LISTED RECORDS
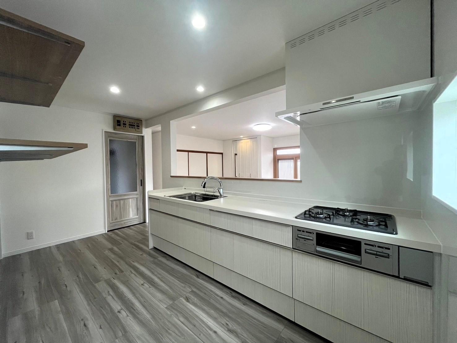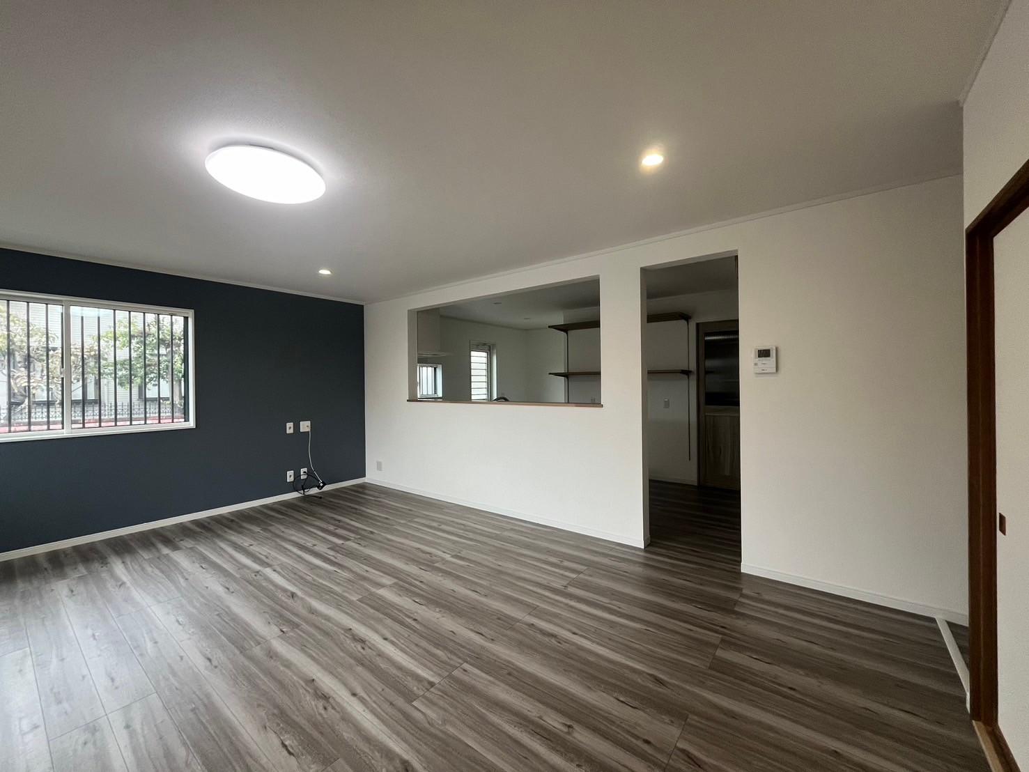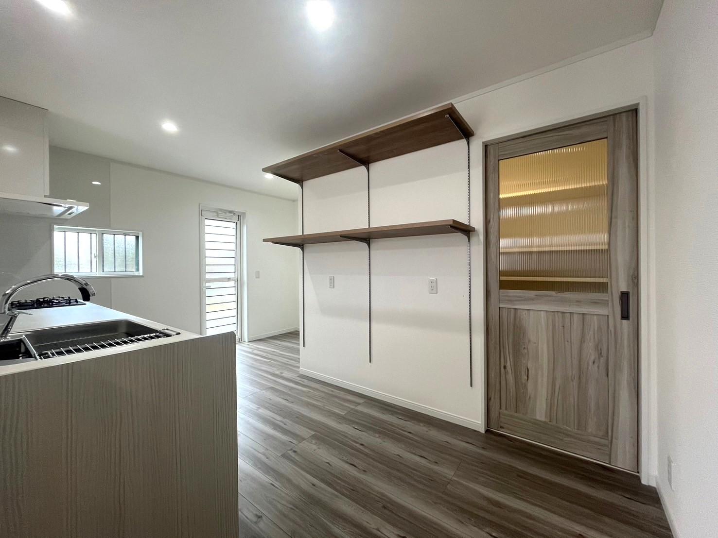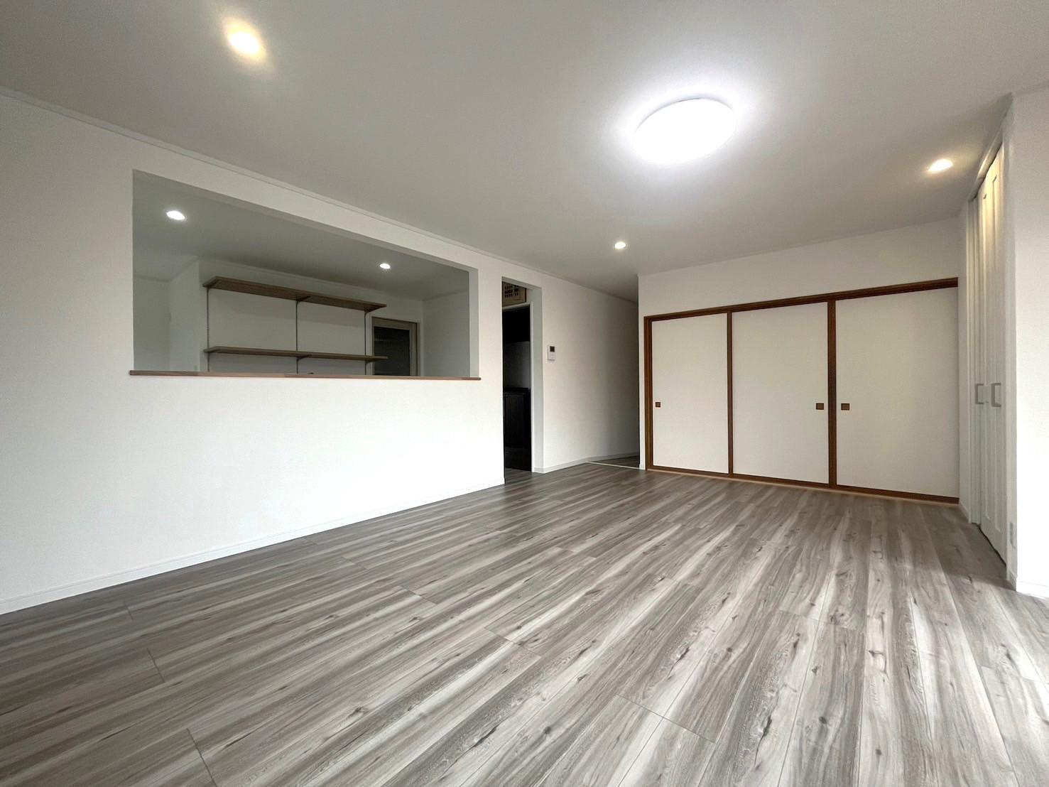 長年地域の皆様に愛されてきた食事処を終え、ゆったり過ごせるLDKにリフォームしました。落ち着いた色味で統一感のある内装に仕上がりました。キッチンはLIXIL「ノクト」を採用。お手入れが簡単なレンジフードや使いやすい水栓や収納を採り入れました。
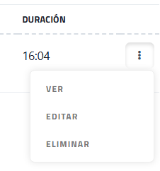 Al hacer clic en el icono (⋮) se despliega el "Menú de acciones"
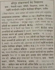 | स्वामी वेदान्ती वेद विद्यापीठ, वाराणसी (उ.प्र) | Modern Teacher Advertisement Date of Upload :29/11/2021 |
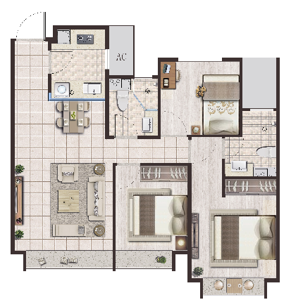 D户型为四居两卫,南北通透,整体方正;双卧朝南,飘窗,主卧为套间私密感强;北向两个次卧之间为非承重墙,可根据需求自行调整。不论是三口之家还是三代同堂的二孩家庭,都可以做到居住舒适。
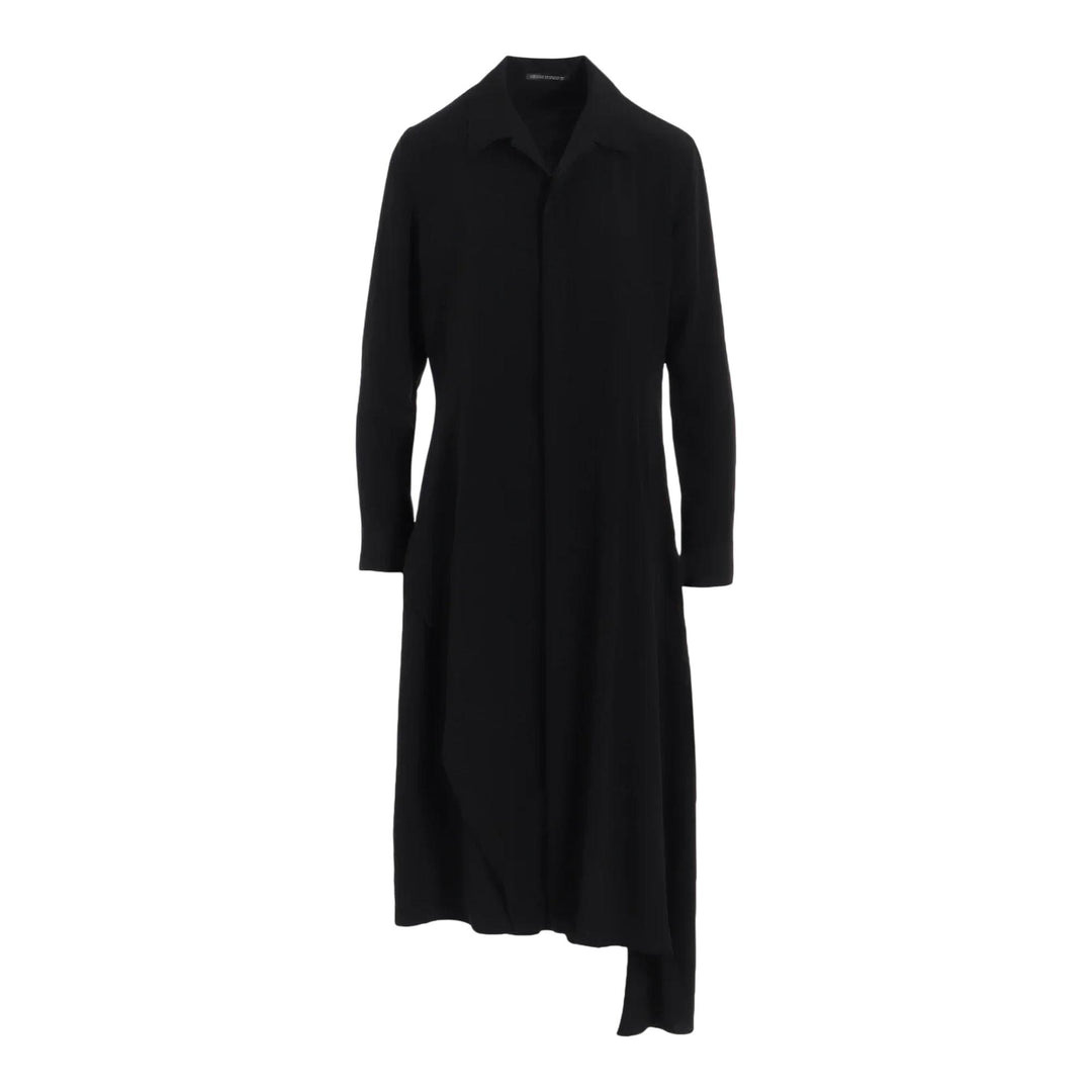 Y's Collar Shirt Dress Elegant Cuban collar shirt dress made from crepe de Chine, offering a mild sheen and luxurious feel. The dress’s drapery engenders an elegant aura, suitable for formal occasions.

REQUIREMENT
Every record is to be restated word for word, with the pictures left out.

REPLY TO THE EXERCISE
 長年地域の皆様に愛されてきた食事処を終え、ゆったり過ごせるLDKにリフォームしました。落ち着いた色味で統一感のある内装に仕上がりました。キッチンはLIXIL「ノクト」を採用。お手入れが簡単なレンジフードや使いやすい水栓や収納を採り入れました。
 Al hacer clic en el icono (⋮) se despliega el "Menú de acciones"
 | स्वामी वेदान्ती वेद विद्यापीठ, वाराणसी (उ.प्र) | Modern Teacher Advertisement Date of Upload :29/11/2021 |
 D户型为四居两卫,南北通透,整体方正;双卧朝南,飘窗,主卧为套间私密感强;北向两个次卧之间为非承重墙,可根据需求自行调整。不论是三口之家还是三代同堂的二孩家庭,都可以做到居住舒适。
 Y's Collar Shirt Dress Elegant Cuban collar shirt dress made from crepe de Chine, offering a mild sheen and luxurious feel. The dress’s drapery engenders an elegant aura, suitable for formal occasions.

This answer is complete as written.